Explanation of Responses:

* If the form is filed by more than one reporting person, see Instruction 4(b)(v).
** Intentional misstatements or omissions of facts constitute Federal Criminal Violations. See 18 U.S.C. 1001 and 15 U.S.C. 78ff(a).
(1) Based on actual achievement for the one-year performance period, the recipient was issued 194.6% of the market stock units ("MSUs") which vested as of December 31, 2016.
(2) The shares were sold pursuant to pre-established trading instructions solely to satisfy tax withholding obligations in connection with the partial vesting of previously granted MSUs.
(3) The reporting person transferred 18,534 shares of the Issuer's common stock into the Mendel Trust dated October 14, 2011 since the reporting person last filed a Form 4 with the Securities and Exchange Commission.
(4) Mr. Mendel is the trustee of Mendel Trust and has voting and dispositive power with respect to these shares. Mr. Mendel disclaims beneficial ownership except to the extent of his pecuniary interest therein.
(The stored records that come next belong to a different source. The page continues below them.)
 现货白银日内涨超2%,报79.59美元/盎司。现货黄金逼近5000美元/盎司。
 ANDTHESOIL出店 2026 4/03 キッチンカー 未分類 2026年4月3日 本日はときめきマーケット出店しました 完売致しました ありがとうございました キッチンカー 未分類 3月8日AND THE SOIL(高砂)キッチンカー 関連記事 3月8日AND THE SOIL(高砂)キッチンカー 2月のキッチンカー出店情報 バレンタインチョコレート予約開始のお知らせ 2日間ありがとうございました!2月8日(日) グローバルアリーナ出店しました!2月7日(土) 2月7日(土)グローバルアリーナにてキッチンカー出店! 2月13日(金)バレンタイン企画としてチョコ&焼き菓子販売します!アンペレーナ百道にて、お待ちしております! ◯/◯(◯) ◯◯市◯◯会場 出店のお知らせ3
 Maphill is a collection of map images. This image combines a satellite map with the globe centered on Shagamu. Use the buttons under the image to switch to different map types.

(5) Each MSU represents the contingent right to receive, following vesting, between 0% and 200% of one share of the Issuer's common stock, subject to the level of achievement of applicable performance conditions. The resulting number of shares acquired upon vesting of the MSUs, if any, is based on the Issuer's total shareholder return for each performance period as compared to the Nasdaq Composite Index.
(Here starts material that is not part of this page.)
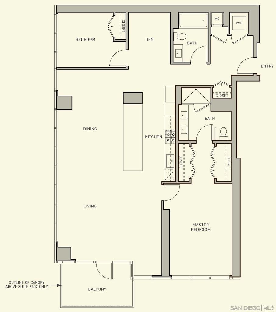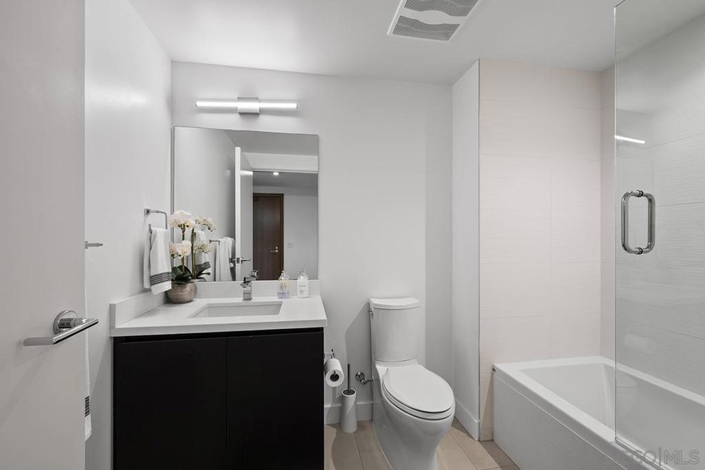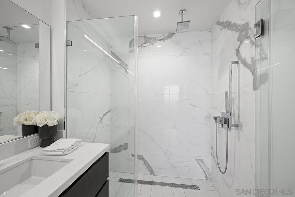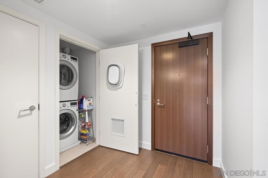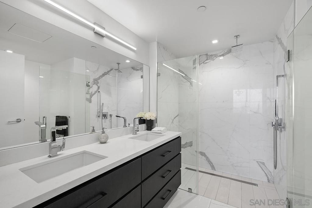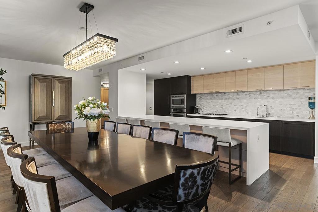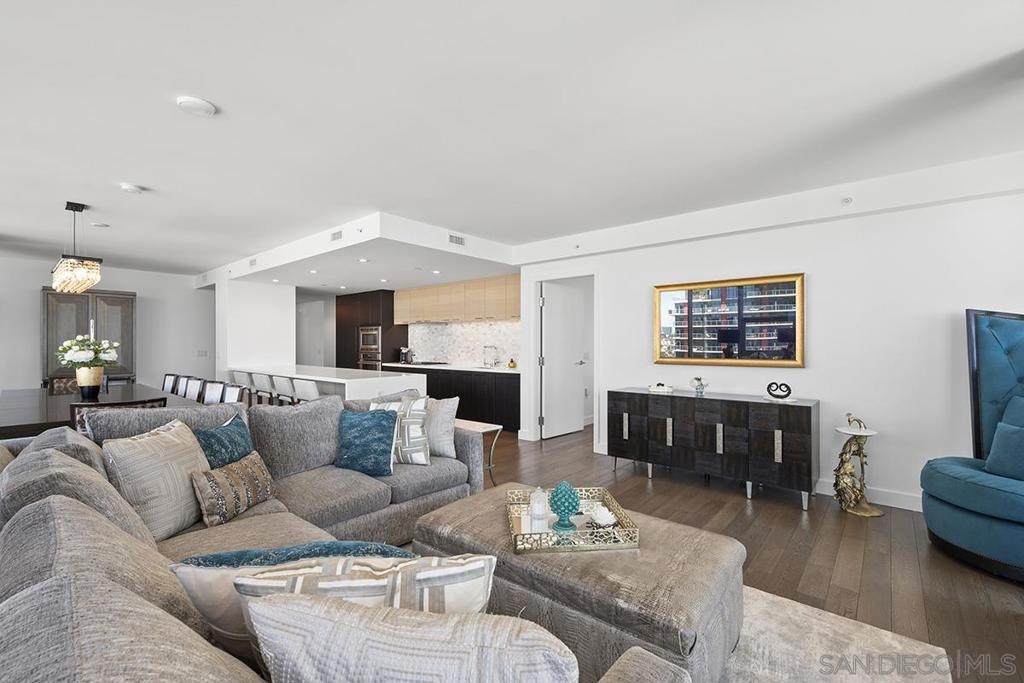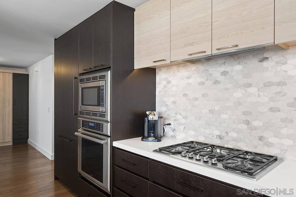 Twenty floors up, this northwest corner residence at Savina delivers unobstructed views of the San Diego Bay, Pacific Ocean, and city skyline from every single room. The west-facing balcony offers a front-row seat to some of the most spectacular sunsets in the city, night after night. Inside, this highly desirable floor plan is highlighted by a spacious living area and generously sized gourmet kitchen. Custom lighting fixtures throughout, including statement ceiling pieces and elegant sconces, create a warmth and intentionality that sets the residence apart, while wood flooring and motorized window shades with silent motors complete the effortless, polished feel. The gourmet kitchen is built for both function and style, featuring stainless Thermador appliances, a cabinet-front refrigerator, designer backsplash, quartz surfaces, wine chiller, and an oversized center island with a waterfall edge. The primary bedroom includes a spa-caliber ensuite bathroom with step-in rain shower and dual vanity. The second bedroom offers city views, while the adjacent den is anchored by a custom built-in Murphy bed system and ideal as a home office that converts effortlessly for overnight guests. Additional highlights include a storage unit and two side-by-side parking spaces. Elevated in every sense of the word. Savina by Bosa is one of San Diego’s newest high-rise buildings located just steps away from Little Italy, listed as one of Forbes “Best Neighborhoods.” Savina’s first-class amenities include amazing outdoor pool and spa, fitness center with outdoor yoga deck, steam room & sauna, dog wash and pet park, bicycle repair room, and club house/game room with BBQ deck for entertaining. Literally steps away from Waterfront Park, enjoy an array of concerts and outstanding local events. When it’s time to get away, take advantage of your close proximity to the airport, cruise terminal, and train/trolley stations. Whether winding down on the private balcony or making your way to one of Little Italy’s countless renowned restaurants, Savina is city living at its finest.

(6) The MSUs vest in three equal installments, on each of December 31, 2015, December 31, 2016, and December 31, 2017; provided that, at the end of the second and third annual performance periods, the Reporting Person is eligible to receive any shares that were not earned in the first and second annual performance periods to the extent that the Issuer's two-year or three-year total shareholder return, as applicable, exceeds the prior performance results as compared to the Nasdaq Composite Index.
(7) The MSUs vest in three equal installments, on each of December 31, 2016, December 31, 2017, and December 31, 2018; provided that, at the end of the second and third annual performance periods, the Reporting Person is eligible to receive any shares that were not earned in the first and second annual performance periods to the extent that the Issuer's two-year or three-year total shareholder return, as applicable, exceeds the prior performance results as compared to the Nasdaq Composite Index.